This embodiment of the described method can provide accurate predictions at the cost of a single additional binary flag, which is used to signal whether the technique is used or not on a given block. The same can be applied in the case of considering horizontal prediction, in which case the method can be applied in case the block immediately on the left of the current block is predicted using a horizontal mode. The exemplary method is illustrated in Figure 4. It should be noticed that the information needed to compute the vector D, namely the intra-prediction mode of neighbouring blocks, is already required by the decoder to compute the list of most probable modes used when parsing the intra-prediction mode from the bitstream, and therefore using this information does not add any additional dependency to the decoder.

In cases in which neighbouring blocks are not available or are predicted using a mode that cannot be used as“start intra-prediction mode”, additional references can be used to enable multi-directional intra-prediction. In some embodiments, look-up tables are used to identify a collection of “start intra-prediction modes”, in other embodiments a default“start intra-prediction mode” is defined by the decoder 1 and/or within the bitstream. In various embodiments, specific look-up tables are constructed for blocks for various cases, such as different block sizes, or different final intra-prediction modes. In these cases, in addition to a flag used to signal whether to use multi- directional intra-prediction, an index is signalled, to select the correct element in the table.

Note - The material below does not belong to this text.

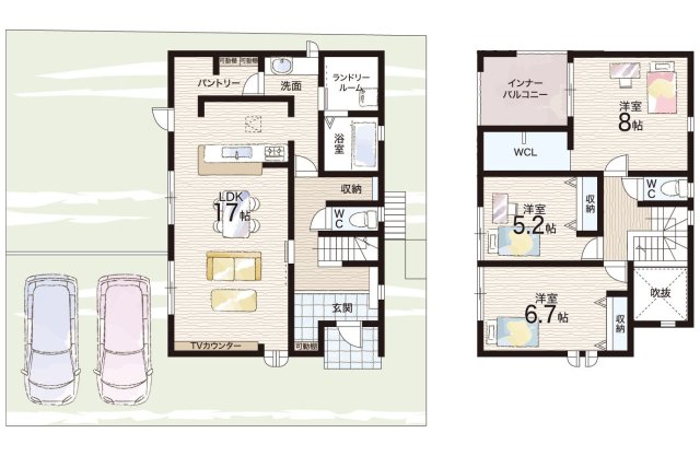 - ※完成予想図やCG合成画像は、門塀・植栽・庭・外観等、実際とは多少異なる場合があります。

Some embodiments consider a fixed delta that is added or subtracted from the “final intra-prediction mode”, to obtain the“start intra-prediction mode”. In this case, in addition to a flag used to signal whether to use multi-directional intra-prediction, an additional flag should be sent in the bitstream to signal which start intra- prediction to use (whether the“final + delta” or the“final - delta”). The signalling should take into account the cases in which the obtained“start intra-prediction mode” is not a valid direction, in which case, no additional signalling is required. The value“delta” could be defined depending on specific characteristics of the block, such as for instance the width and height, or the current“final prediction mode” being used. The value“delta” could also be defined within the bitstream.

Features of multiple embodiments can be combined together to define methods of parsing the information needed to perform the multi-directional intra-prediction. The information related to neighbouring blocks is available at the decoder side during parsing of the bitstream, and therefore the decoder can make use of this information to decide how many bits to decode related with the multi-directional intra-prediction.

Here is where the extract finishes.